__EXERCISE REQUIREMENTS__.
Return, word for word, only the lines of the data below that lie between the line with "[앵커] 부산에서 향토" and the line with "Díky těmto nenápadným", those two lines included.

__DATA EXCERPTS__.
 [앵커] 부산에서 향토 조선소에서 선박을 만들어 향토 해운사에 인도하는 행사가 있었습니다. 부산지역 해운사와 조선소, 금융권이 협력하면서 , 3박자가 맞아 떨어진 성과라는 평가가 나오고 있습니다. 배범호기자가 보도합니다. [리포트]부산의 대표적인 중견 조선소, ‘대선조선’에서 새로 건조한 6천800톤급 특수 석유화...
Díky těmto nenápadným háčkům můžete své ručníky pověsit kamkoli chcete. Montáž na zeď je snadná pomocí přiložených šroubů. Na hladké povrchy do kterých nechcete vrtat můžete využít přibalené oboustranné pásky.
...
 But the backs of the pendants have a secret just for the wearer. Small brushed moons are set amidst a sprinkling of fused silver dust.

__RESPONSE BOX__.
 [앵커] 부산에서 향토 조선소에서 선박을 만들어 향토 해운사에 인도하는 행사가 있었습니다. 부산지역 해운사와 조선소, 금융권이 협력하면서 , 3박자가 맞아 떨어진 성과라는 평가가 나오고 있습니다. 배범호기자가 보도합니다. [리포트]부산의 대표적인 중견 조선소, ‘대선조선’에서 새로 건조한 6천800톤급 특수 석유화...
Díky těmto nenápadným háčkům můžete své ručníky pověsit kamkoli chcete. Montáž na zeď je snadná pomocí přiložených šroubů. Na hladké povrchy do kterých nechcete vrtat můžete využít přibalené oboustranné pásky.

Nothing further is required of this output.